Dirty Dancing (1987)


I had never seen this before. Almost a third of a century after its release I spent £1 to find out what all the fuss was about. Nineteen eighty-seven is the year of 1980s films. This film is so 1980s that it simply cannot convince you it is set in 1963. Not only does the music lurch between the decades, but also the fashions. Patrick Swayze acts with his sweaty muscles (he’s topless for much of the film), while Jennifer Grey is charming as the wide-eyed daddy’s girl who learns how to dance – and live her life.

Thematically, there’s plenty going on: a thread about class prejudice, the young vs. old generational divide and the sense of a new, more liberated world about to arrive. One flaw is the way that – as per the style of the times – it breaks down into a pop video at certain points, including the narrative climax when you get the big hit ‘(I’ve Had) The Time of My Life’ by Bill Medley and Jennifer Warnes.

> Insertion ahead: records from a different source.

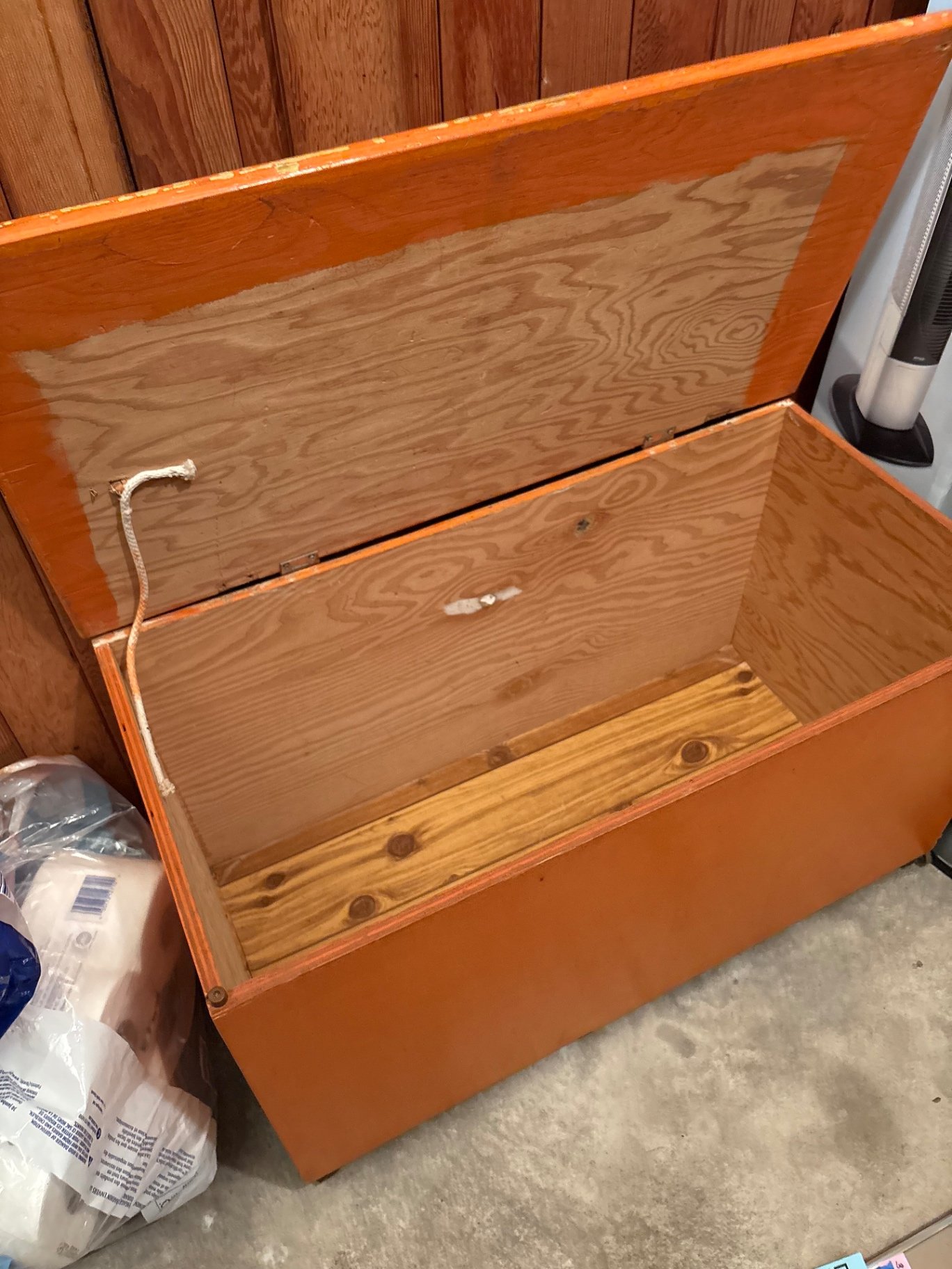 A rectangular orange-painted wooden storage chest with a hinged lid and worn, natural wood interior. The lid is attached with a hinge and an interior edge features a rope pull. Condition: has some marks and scratches. 31.75 x 15.75 x 19 Note: Heavy item, please bring appropriate assistance as needed to move this item from basement.
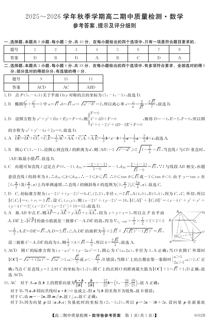 高二数学答案--安徽省华师联盟2025~2026学年秋季学期高二期中质量检测
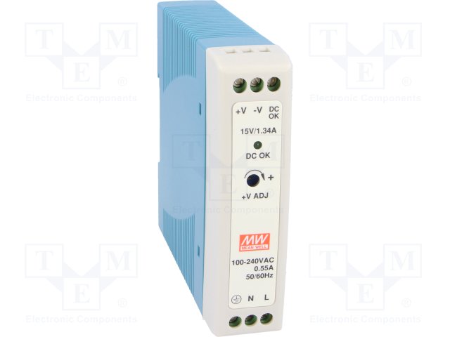 Блок питания: импульсный; 20Вт; 15ВDC; 1,34А; 85÷264ВAC; 190г; 81%
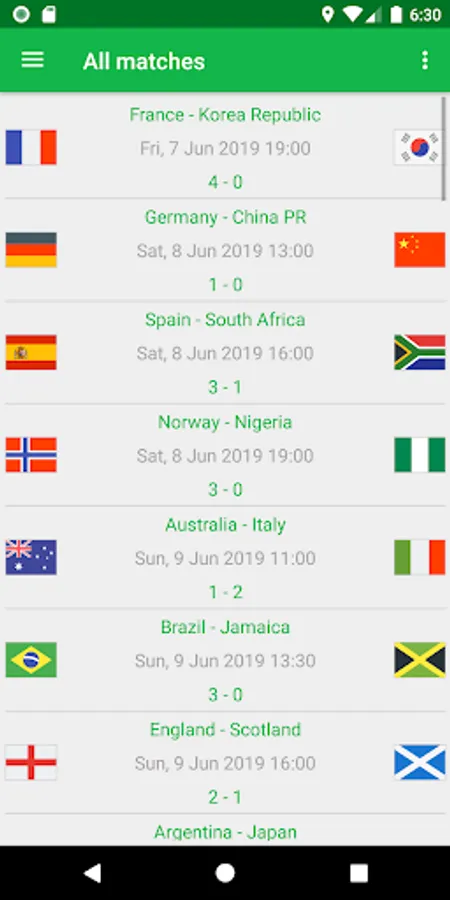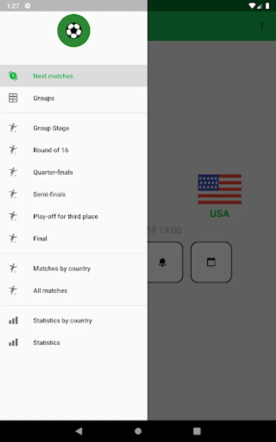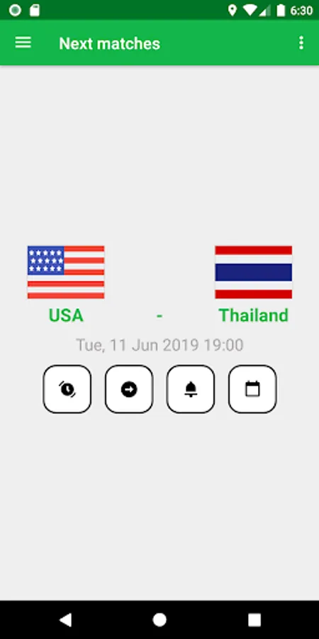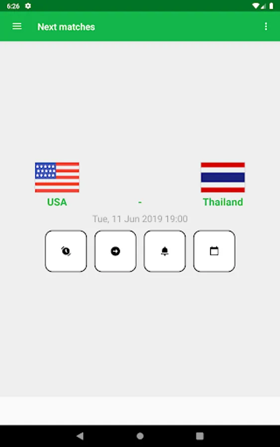 - Display of upcoming matches with the option to create an alarm or an event in your calendar
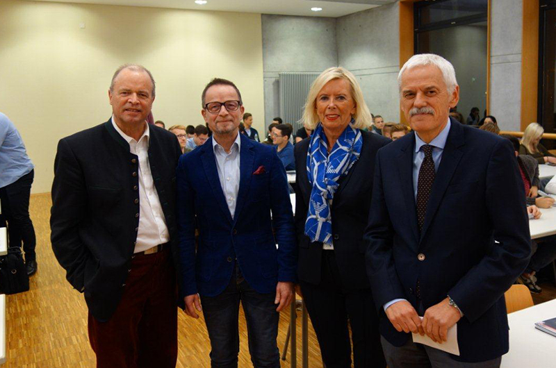 Marion Johl, die Generalbevollmächtigte der Santander Consumerbank AG wird am 2.12.2015 offiziell an der Hochschule für Automobilwirtschaft Geislingen verabschiedet. Ihr Vortrag als Gastdozentin befasste sich mit dem Wesen und Wandel unternehmerischer Tugenden. Prof. Dr. Willi Diez (re) hielt auf die große Förderin der Hochschule die Laudatio. Mit im Bild, der Dekan der Hochschule, Prof. Dr. Stefan Reindl und der Veranstalter der Vortragsreihe an der Hochschule: Prof. Hannes Brachat.
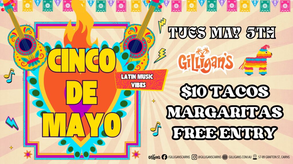 CINCO DE MAYO at Gilligan’s TUESDAY MAY 5TH | LATIN MUSIC VIBES We’re turning up the heat this Cinco de Mayo with a full-blown Latin fiesta right in the heart of Cairns Think colour, chaos, and cocktails, the kind of night where one margarita turns into five and suddenly, you’re dancing like you’re in Mexico […]
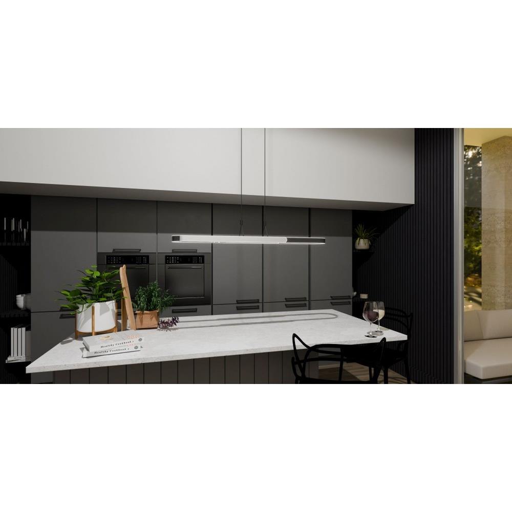 With a striking silhouette and bold, clean lines, the Mira linear chandelier is a beautiful new addition to the popular Platinum by Quoizel collection. The elongated frame features a combination of matte black and brushed nickel for a cool, two-tone effect. An integrated LED light source is included, making Mira a smart choice over any contemporary kitchen island, bar area, or dining room.
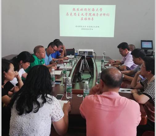 2018年8月21日下午,河海大学72886必赢副院长黄世虎一行10人来我院交流、考察、学习,72886必赢院长欧阳恩良及部分教师代表参加了座谈和讨论。
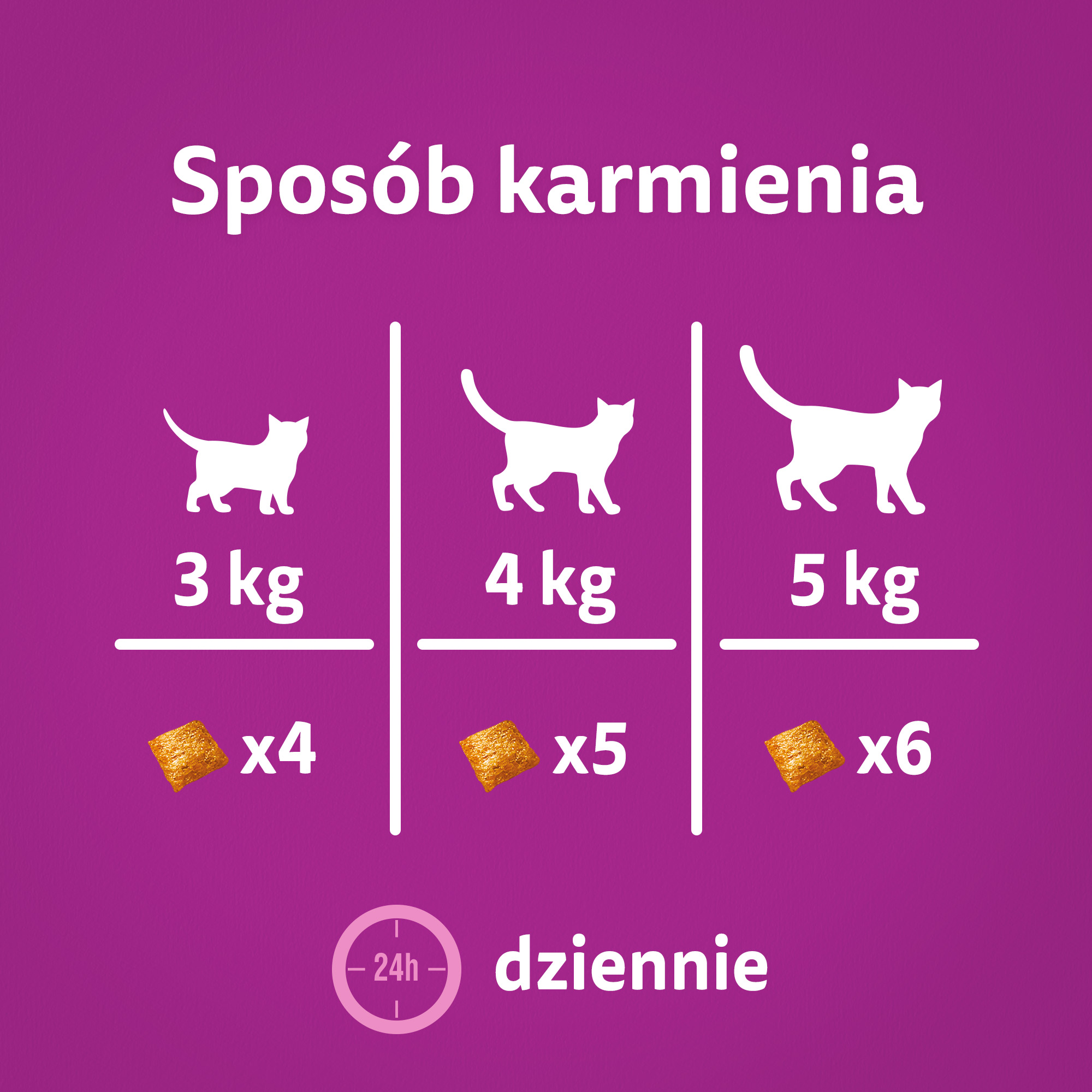Kot o masie 3 kg – do 4 sztuk dziennie, 4 kg – 5 sztuk, 5 kg – 6 sztuk. Przy podawaniu przysmaku należy zmniejszyć porcję głównego posiłku.
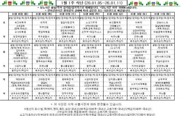 "금주의 식단 메뉴를 확인 할 수 있습니다."
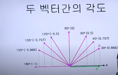 A백터와 B의 내적은 백터 A * 백터 B * 코사인세타 이다
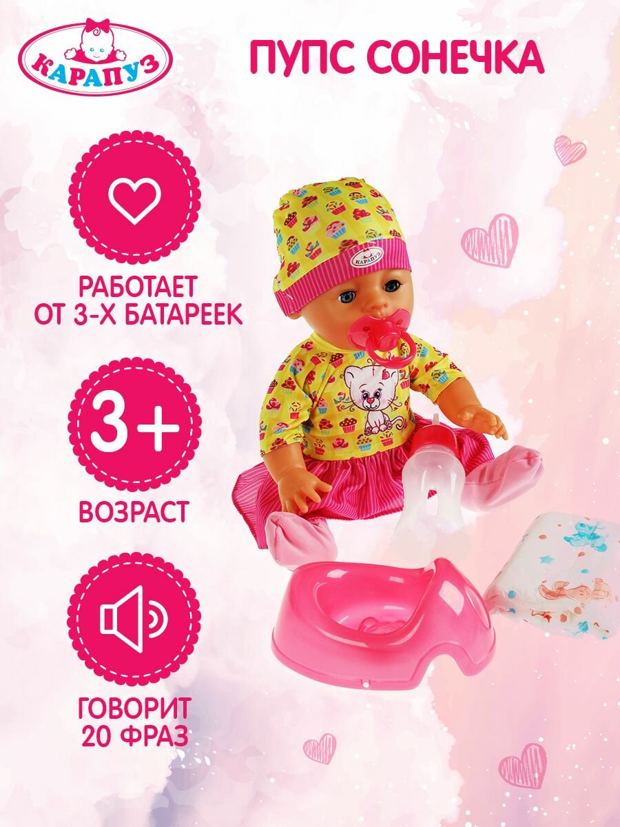 Пупс, Карапуз Кукла Сонечка Карапуз говорящий функциональный с аксессуарами 35 см
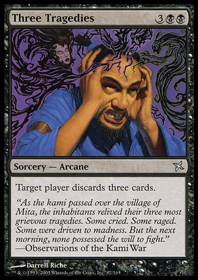 Three Tragedies is a Uncommon in the set Betrayers of Kamigawa.
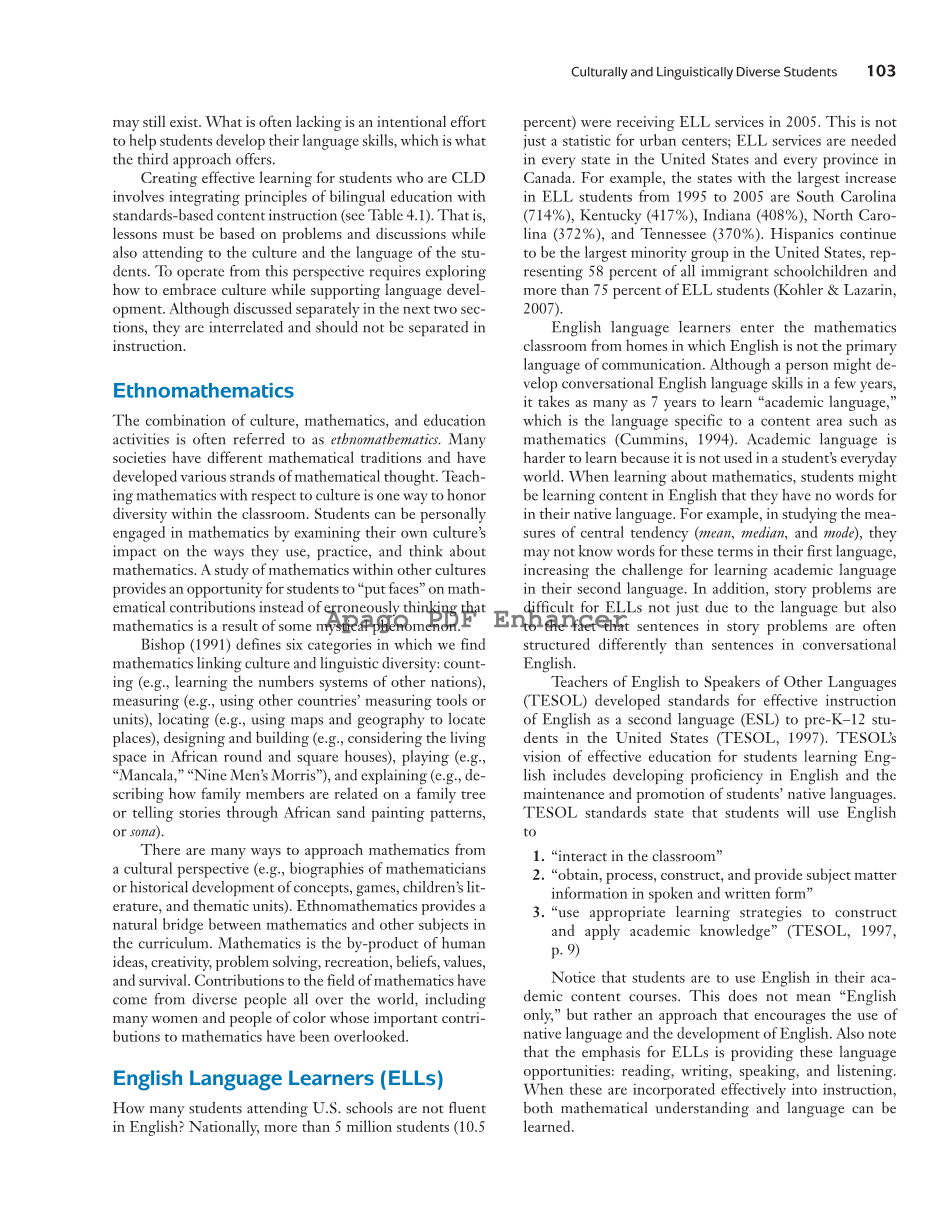 英语学习者从英语不是主要交际语言的家庭进入数学课堂。虽然一个人可能会在几年内发展英语会话技能,但学习“学术语言”需要7年的时间,这是一种特定于数学等内容领域的语言(Cummins,1994年)。学术语言更难学,因为它不在学生的日常生活中使用。当学生学习数学时,他们可能正在学习英语的内容,而这些内容在他们的母语中是没有词汇可言的。例如,在研究中心倾向(平均值、中位数和模式)的测量时,他们可能不知道第一语言中这些术语的单词,这增加了第二语言学习学术语言的挑战。此外,故事问题对于英语学习者来说是困难的,这不仅是因为语言本身,还因为故事问题中的句子结构往往不同于英语会话中的句子。
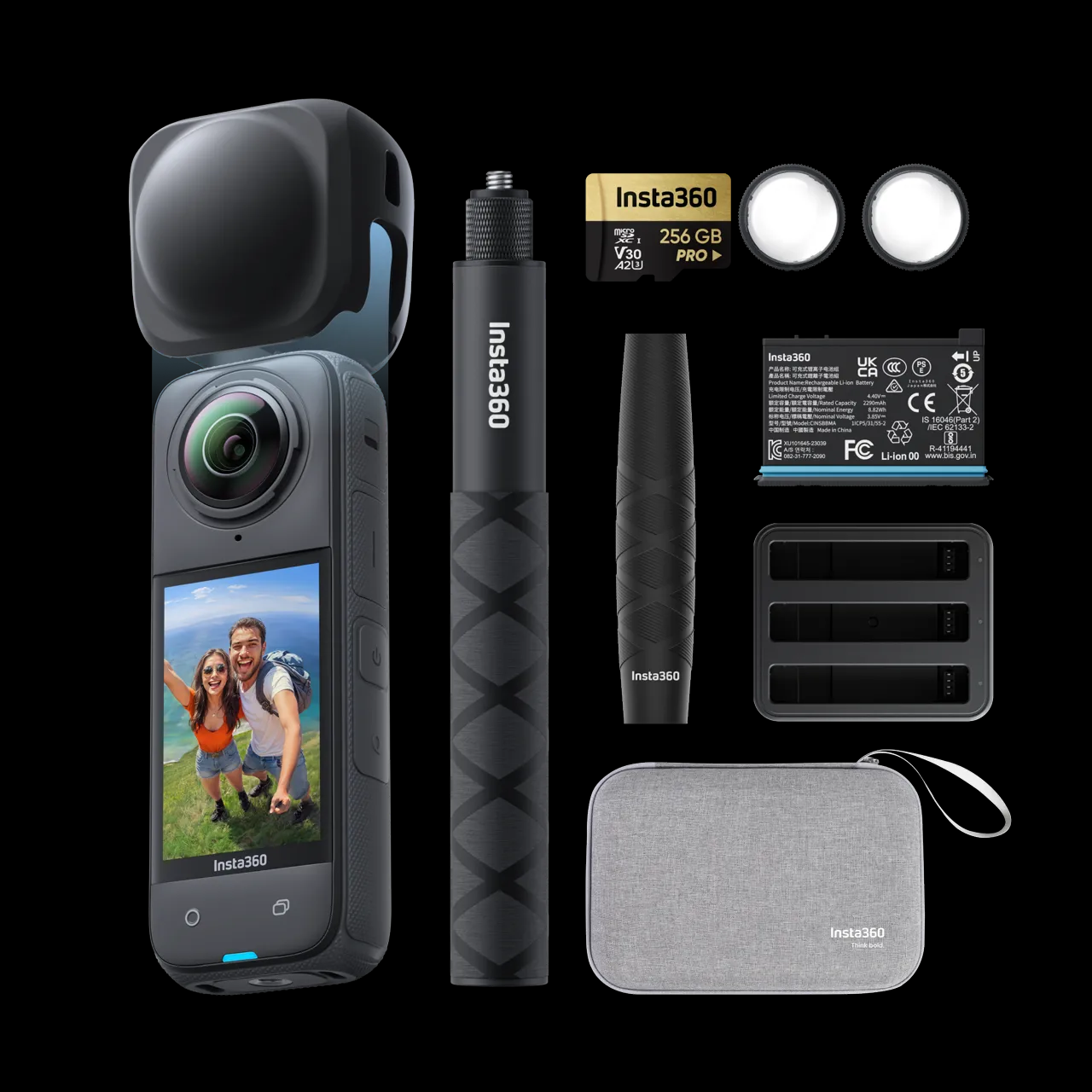 قبل نصف ساعة حزمة X5 - كاميرا أكشن مقاومة للماء 360 درجة بدقة 8K، فيديو بزاوية واسعة، عمر بطارية يصل إلى 135 دقيقة، تحرير الذكاء الاصطناعي، تثبيت الصورة، الرياضة، السفر - الكاميرا*1+بطاقة ذاكرة 256 جيجابايت

Curiously, the mother of the family is almost entirely absent from the narrative. She barely gets to speak. Only the father’s opinion matters regarding their daughter’s behaviour. I hope this was the filmmakers making a point about sexism rather than forgetting to develop an integral character. That said, there’s plenty to enjoy – the period detail of a simpler time, the soundtrack (when it stays in the correct era) and the warm evocation of a long-gone American innocence at a Catskills resort.